Check out what Garfield had to say about Sony's new Spider-Man:
I have been waiting for this phone call for 24 years, for someone to call me up and say, “Hey, we want you to pretend to be a character that you’ve always wanted to be all your life, and we’re going to do it with cool cameras and cool effects and you’re going to feel like you’re swinging through New York City. Do you want to do that?” [laughs] “Let me just consult with my seven-year old self and see what he thinks…” So my seven-year-old self started screaming in my soul and saying, This is what we’ve been waiting for. Like every young boy who feels stronger on the inside than they look on the outside, any skinny boy basically who wishes their muscles matched their sense of injustice, God, it’s just the stuff that dreams are made of, for sure. It’s a true fucking honor to be part of this symbol that I actually think is a very important symbol and it’s meant a great deal to me, and it continues to mean something to people. So yeah, I feel like I’ve been preparing for it for a while. Ever since Halloween when I was four years old and I wore my first Spider-Man costume.
Hear what he had to say about working with David Fincher on The Social Network after the jump!
It was just the greatest, really. The amount of trust that you feel for him, that you can place all of your trust in him if you’re a fan of his work. Which I am, I’m a fan of all of his movies so I love his taste and I love the performances that he gets from people, that he edits from people. So going into it like that, you go, “I can let go.” You can let go in a scene, and you don’t have to worry about doing what you want to do because you know that whatever he’s got in mind is going to be better than what you want to do. He does do a lot of takes.
When remarked that Fincher often goes over 70 takes per shot, Garfield responded:
Oh, yeah. Every time. But it’s the best, the most freeing filming experience I’ve had, and the most enjoyable filming experience I’ve ever had just because of the sheer freedom. And you leave everything there. You do the scene every single different way you could have ever done the scene. He just wants you to fuck up so that you become more alive in the moment. And we’re working on the Red cameras, it was digital, so he’ll just delete things if it doesn’t work.

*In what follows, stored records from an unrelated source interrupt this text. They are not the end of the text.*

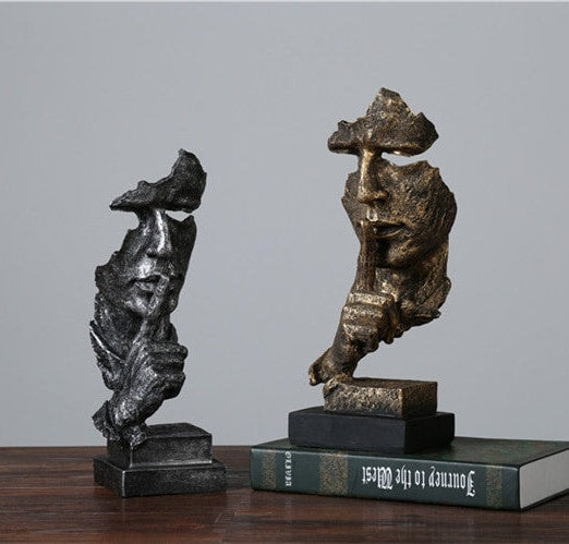 Elevate your living or office space with our exquisite Abstract Face Sculpture Table Décor. These modern art resin statues, with their unique and thought-provoking design, capture the essence of human expression in abstract forms. Featuring three distinct sculptures that represent silence, contemplation, and introspection, these pieces are perfect for art lovers who appreciate deep symbolism in their décor. Crafted with fine attention to detail and a weathered bronze finish, these sculptures add a touch of elegance and artistic flair to any room. Ideal as a centerpiece or a thoughtful gift, they complement contemporary and modern interiors effortlessly. Bring a touch of creativity and emotion to your space today!
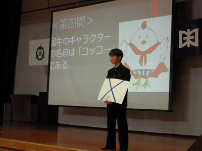 次に第2部は、国光原中学校〇×クイズでした。このクイズは、執行部の皆さんが考え抜いたもののようです。
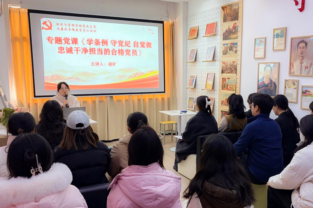 经济与管理学院党总支书记胡旷以《学条例 守党纪 自觉做忠诚干净担当的合格党员》为题讲授专题党课。她带领全体党员深入学习《中国共产党纪律处分条例》,系统阐述党的纪律规矩的核心要义与时代要求,强调要准确把握“六项纪律”,将党纪学习教育融入日常、抓在经常,切实增强政治定力、纪律定力、道德定力、抵腐定力,真正将遵规守纪内化为日常习惯和行动准绳。
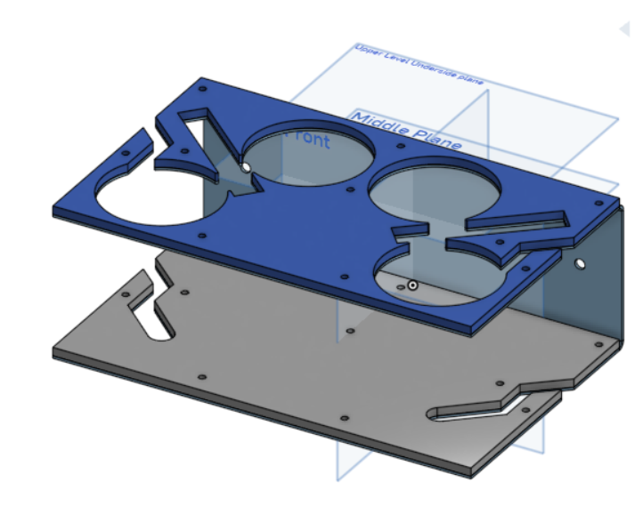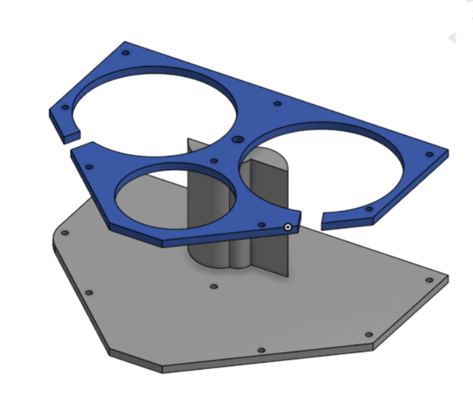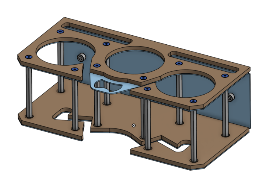 The first structural idea that I explored was keeping the bent shape of the original cupholder, so as to better fit in with the general boat aesthetics. I also liked how using a single bent piece could keep the part count down, so I decided to go with this as my structure. To rigidify the structure, I decided to put standoffs in between the two bent metal flanges, to prevent these sides from bowing and make the structure stronger, allowing me to use thinner material.
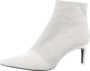 Rag & Bone Suede Ankle Boots Grey Leather Trim Pointed-Toes Exposed Zip Closure at Sides Includes Box Designer Fit: Boots by Rag & Bone typically run a half size small.
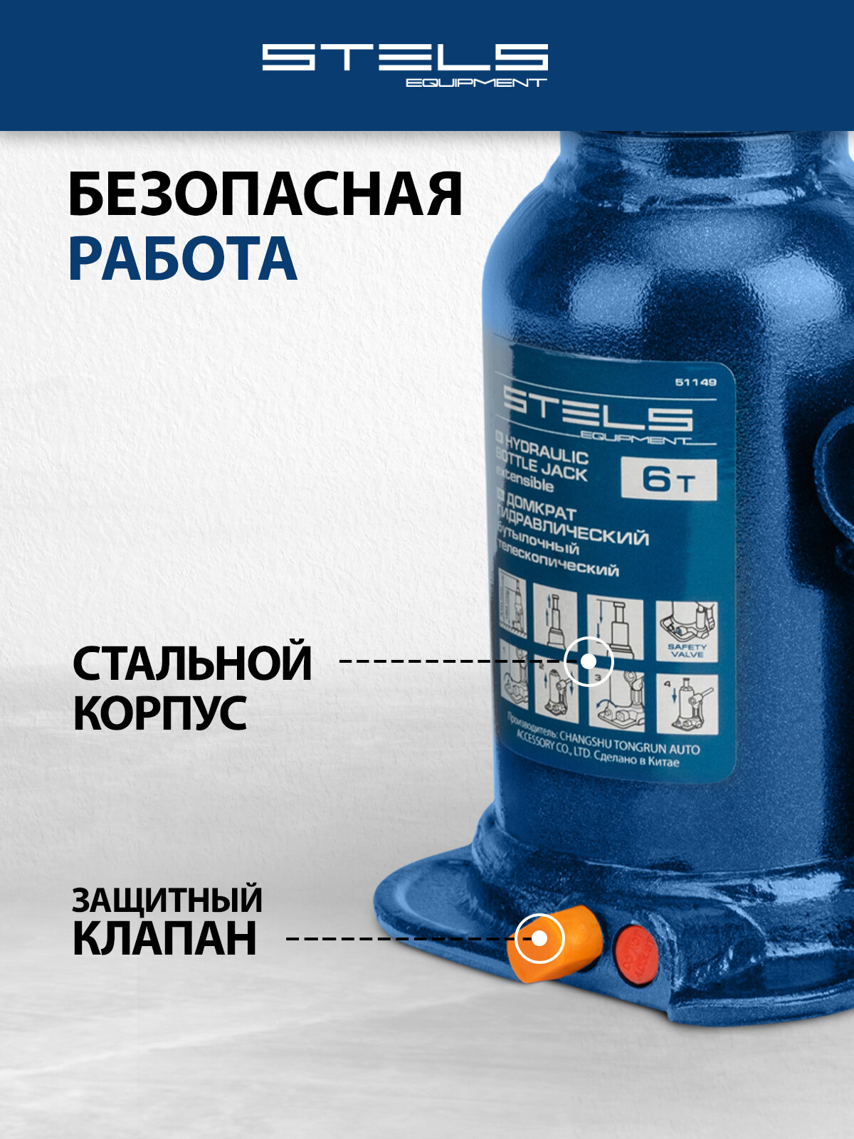 Домкрат автомобильный телескопический Stels 6т, 180-410 мм, защита от перегрузки, гидравлический бутылочный, 51149: сравнение цен, характеристики, фото, актуальное наличие и цены.
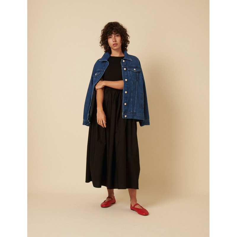 Your perfect denim jacket? We think so. Coming in mid wash blue, this long sleeved trucker is cut to an oversized shape for an off-duty silhouette. We love its patch pockets, classic collar and button front. Wear it over a tee and jeans for a double denim
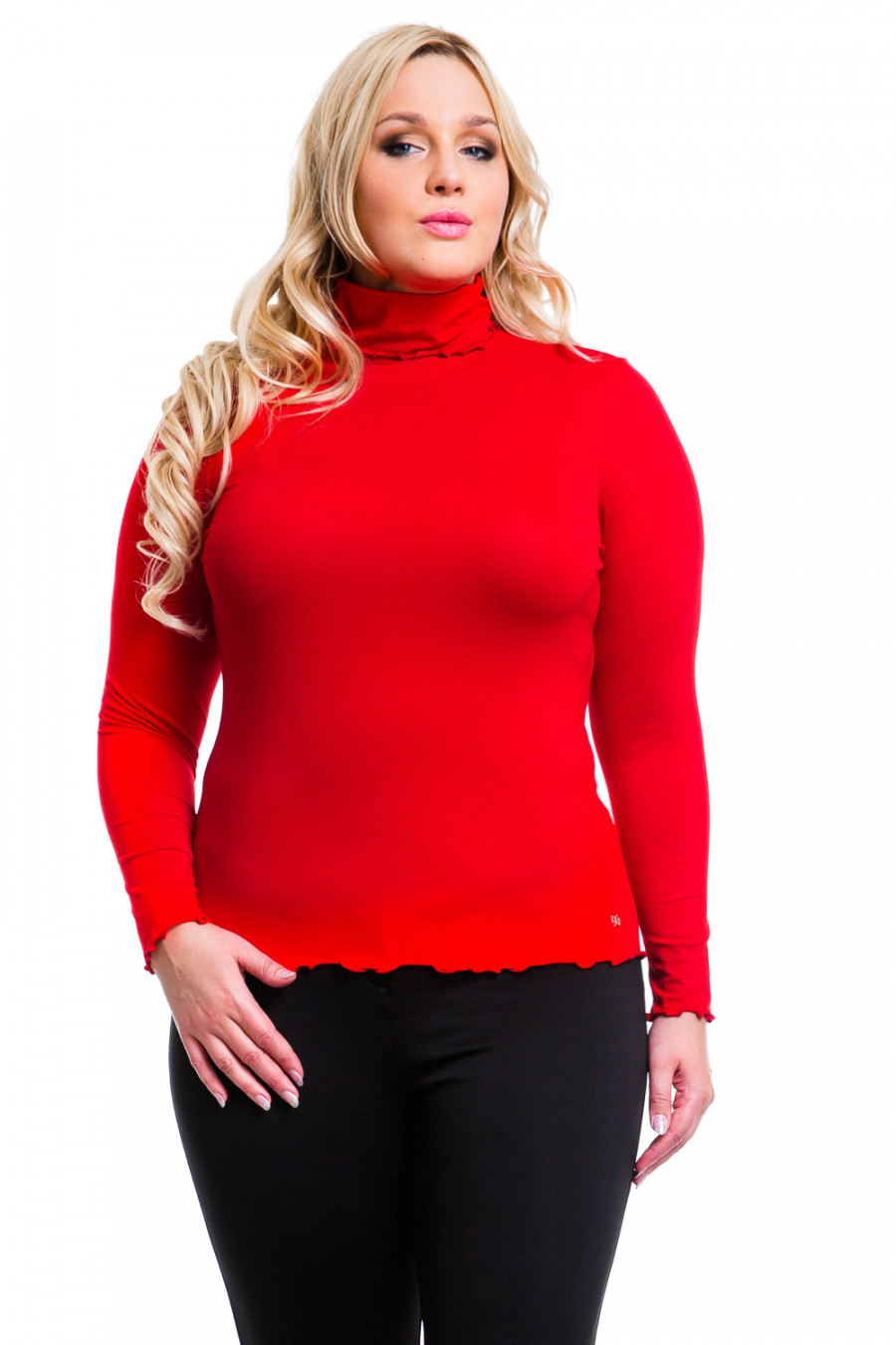 Очаровательная водолазка с длинным рукавом приталенного силуэта с высоким воротником-гольф. Модель выполнена из высококачественной вискозы. Нижняя часть изделия, манжеты и горловина обработаны специальным швом, что создает эффект волана. Швы модели выполнены частыми стежками, благодаря этой обработке швы очень прочные и не подвергаются деформированию. Идеальный вариант для повседневного использования.
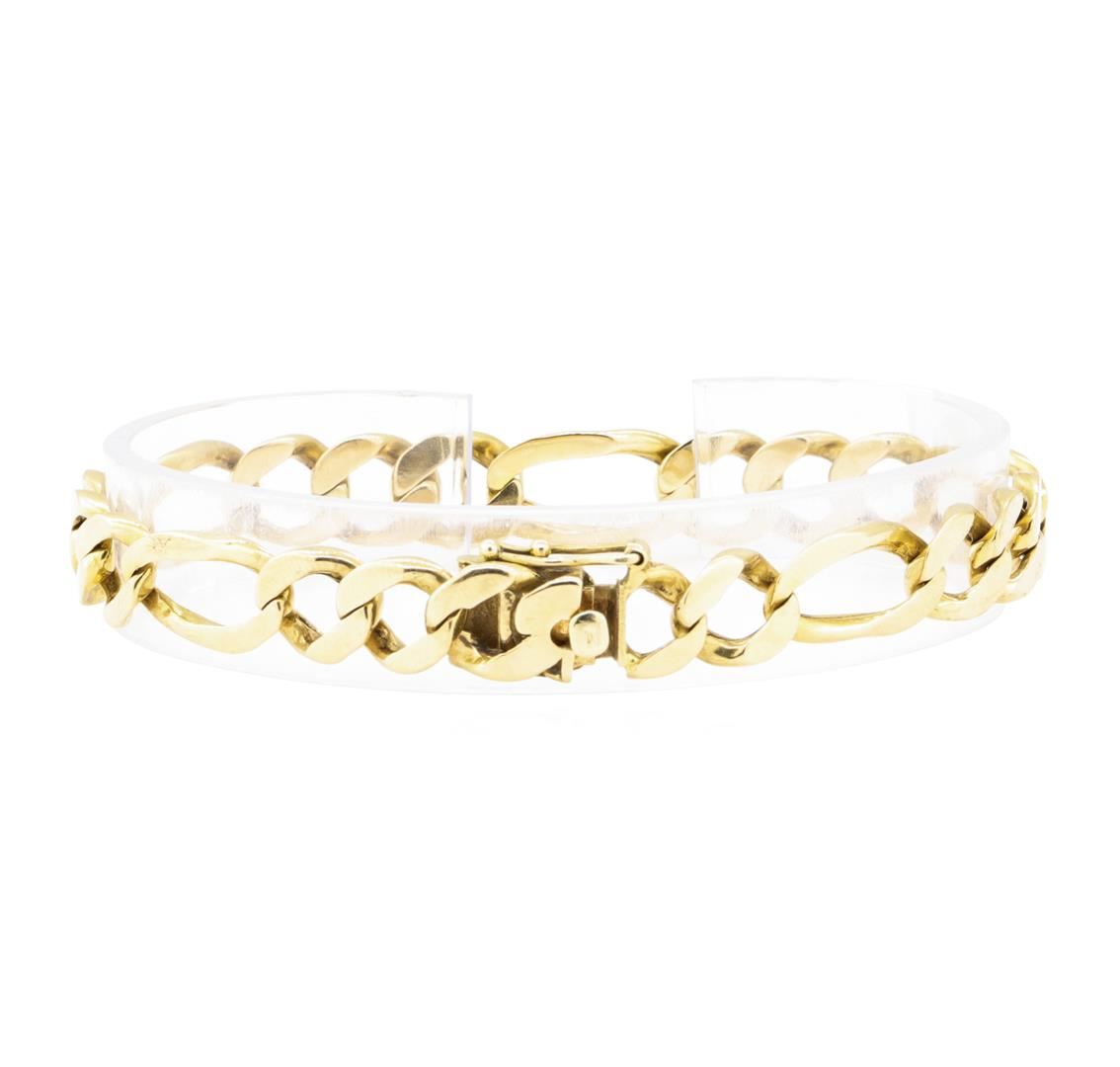 One Figaro link bracelet measuring approximately eight inches in length and 9mm in width featuring: 18KT yellow gold weighing 28.0 grams.
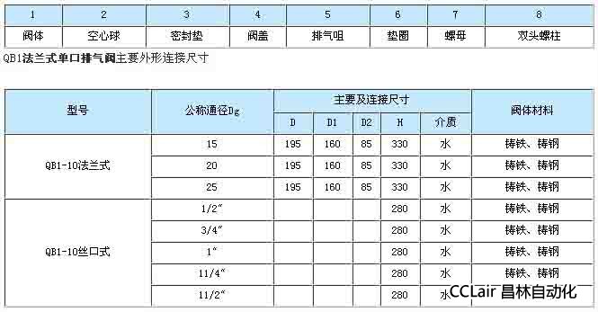 QB1法蘭式單口排氣閥主要由閥體、閥門、上蓋、閥桿、浮球、排氣嘴等組成。用于小口徑管道上管子為φ50-200,它作為管道的排氣作用,使管道不會(huì)出現(xiàn)閉氣、氣阻,如水泵停電時(shí)管內(nèi)隨時(shí)會(huì)出現(xiàn)負(fù)壓力,自動(dòng)吸氣可保護(hù)管道安全。

Upon being asked what that experience felt like:
Oh, it’s wonderful. It’s liberating! If you surrender to it and trust him, which I do implicitly, it’s just so liberating because you can fuck up and fuck up. He just likes to squeeze everything out. His theory is if we’re all here and we’re all being paid to be here, why aren’t we just doing everything we can to squeeze every little drip of juice that we can. Yeah, it’s boring sometimes and it’s painful, but then what’s the point otherwise? I’m a total advocate of that. For young actors especially who are hungry to explore the craft of acting, and working with Aaron Sorkin’s words, and then having Fincher steering you and guiding the ship, we all kind of wanted to savor every moment.